RE: DiVall Insured Income Properties 2, L.P.
  Third Party Tender Offer

 

Ladies and Gentlemen:

 

On or about November 25, 2016, Peachtree Partners and its affiliates (collectively, the “Bidder”) distributed a Purchase Agreement to limited partners (“Limited Partners”) of DiVall Insured Income Properties 2, L.P. (the “Partnership”), for the purpose of making a third-party tender offer for up to 4.9% of the outstanding limited partnership units of the Partnership, including those already owned by the Bidder (“Units”), at a purchase price equal to $340 per Unit less transfer fees of $100 per investor and less any distributions paid by the Partnership after November 25, 2016 (the “Offer”). A copy of the Offer was first delivered to the Partnership on December 14, 2016. Because the Offer seeks a maximum of 4.9% of the outstanding Units, the Bidder did not file a Schedule TO with the Securities and Exchange Commission (“SEC”).

 

Pursuant to Rule 14e-2 under the Securities Exchange Act of 1934 (as amended, the “Exchange Act”), the Partnership is obligated to take a position with respect to the Offer. To that end, in accordance with Rule 14e-2(a)(2) under the Exchange Act, the Partnership expresses no opinion and is remaining neutral toward the Offer because the decision to accept the Offer is purely an economic decision that will depend on each Limited Partner’s particular circumstance. Therefore, it would be inappropriate for the Partnership to substitute its judgment for that of the Limited Partners.
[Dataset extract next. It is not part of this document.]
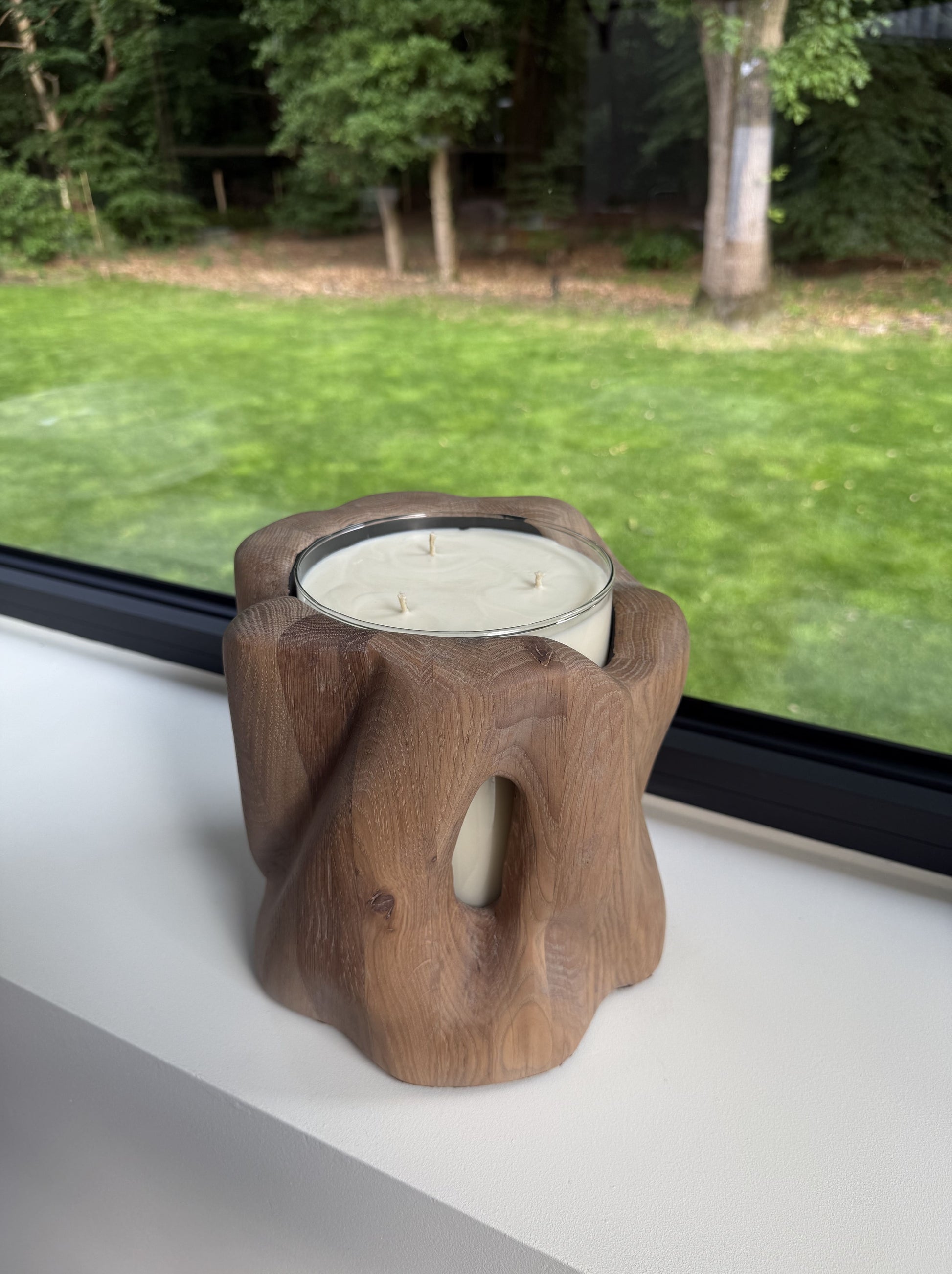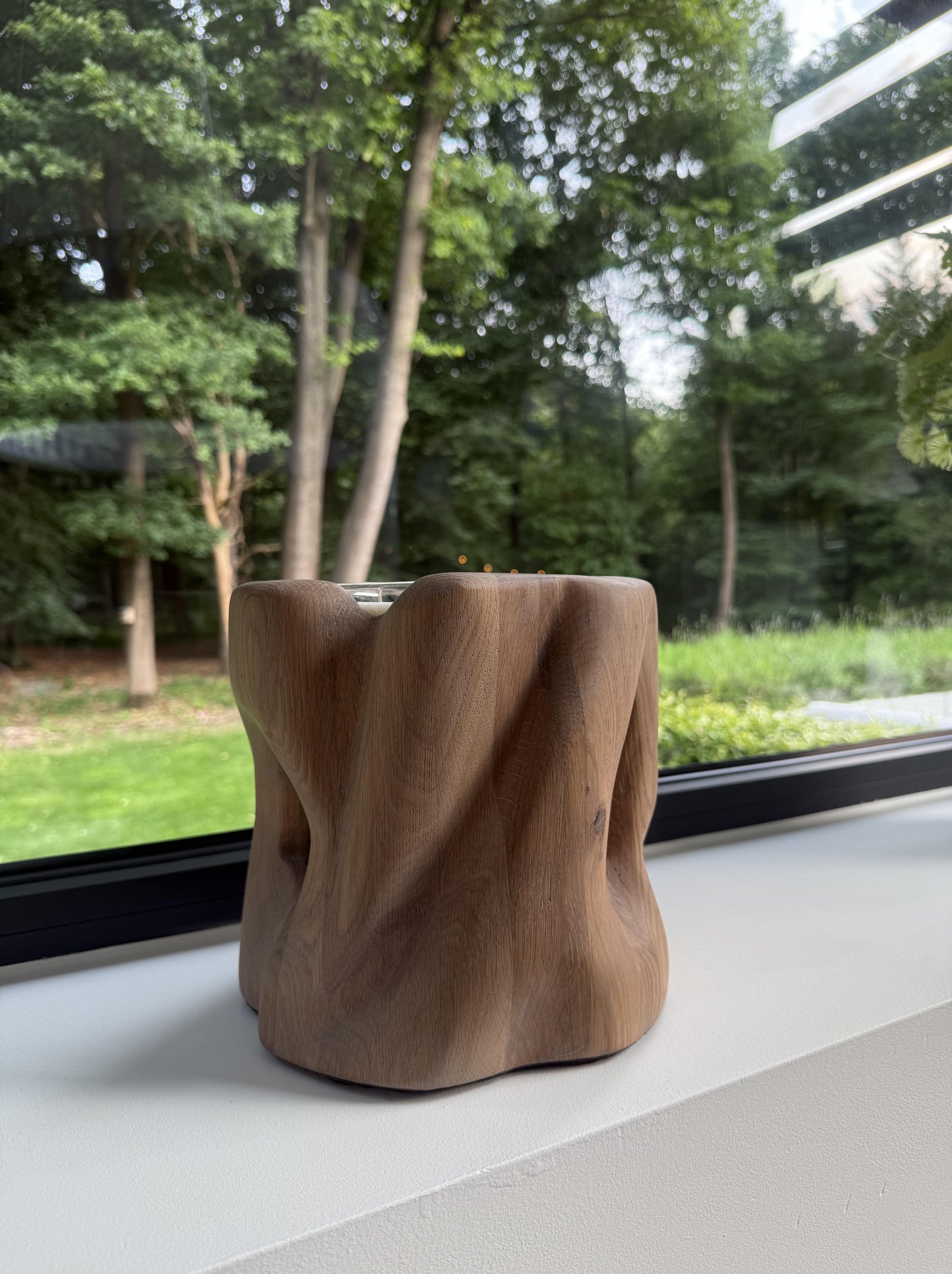 This is a sculpted candle made from solid 4cm tink oak. It is sculpted in a way that highlights the travel of the candle inside. The candle is made from plant based soy wax and does not leave black marks on your walls. The scent of this candle is leather but can be customised by special order.

However, the Partnership believes it is important that its Limited Partners understand the following information when considering selling Units to the Bidder or any other unsolicited offer.

 

1.    Third-Party Sales:

 

The Partnership is not affiliated in any way with the Bidder and the money that may be tendered for Units tendered in the Offer will not come from, or through, the Partnership. Once the Partnership receives sufficient evidence of a sale from both the seller and buyer directing the Partnership to transfer the Units, the Units are transferred to the buyer upon the approval of the General Partner, The Provo Group, Inc. (“TPG”). The Partnership will not be responsible for making sure any seller is paid. However, under the IRS Safe Harbor rules, in one year TPG can only approve the transfers of Units sold up to 2% of the total number of Partnership Units outstanding (46,280.30). We have already approved transfers aggregating approximately 1.96% of the outstanding Units in 2016. Accordingly, the Partnership does not have the ability to approve the transfer of any additional Units until the year 2017, except for Units sold and transferred through a Qualified Matching Service (see item 4 below).

 

With any unsolicited offer, it is important to thoroughly evaluate the terms and conditions. The fine print may be difficult to understand. For example, one area that could lead to confusion is who is entitled to receive (or get credit for) any distributions that occur before the sale is completed and any Unit is transferred to the Bidder.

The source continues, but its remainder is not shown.